## Try it
Copy each line below in which the word "Project" occurs.

## Data section
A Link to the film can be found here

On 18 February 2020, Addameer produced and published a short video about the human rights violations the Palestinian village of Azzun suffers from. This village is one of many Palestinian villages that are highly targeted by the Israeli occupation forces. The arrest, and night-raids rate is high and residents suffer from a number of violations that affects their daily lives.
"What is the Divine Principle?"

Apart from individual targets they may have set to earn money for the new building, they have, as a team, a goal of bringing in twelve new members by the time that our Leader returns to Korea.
---
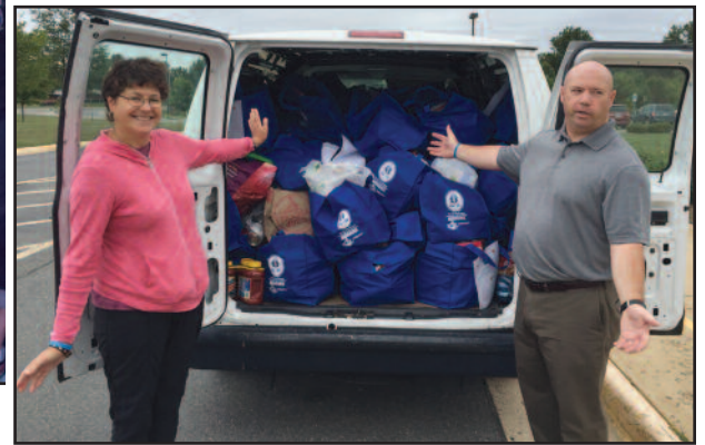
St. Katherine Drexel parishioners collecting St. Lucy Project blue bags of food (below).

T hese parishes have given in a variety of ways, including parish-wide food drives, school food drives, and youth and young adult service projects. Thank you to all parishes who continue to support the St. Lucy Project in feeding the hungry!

## Solution to the exercise
St. Katherine Drexel parishioners collecting St. Lucy Project blue bags of food (below).
T hese parishes have given in a variety of ways, including parish-wide food drives, school food drives, and youth and young adult service projects. Thank you to all parishes who continue to support the St. Lucy Project in feeding the hungry!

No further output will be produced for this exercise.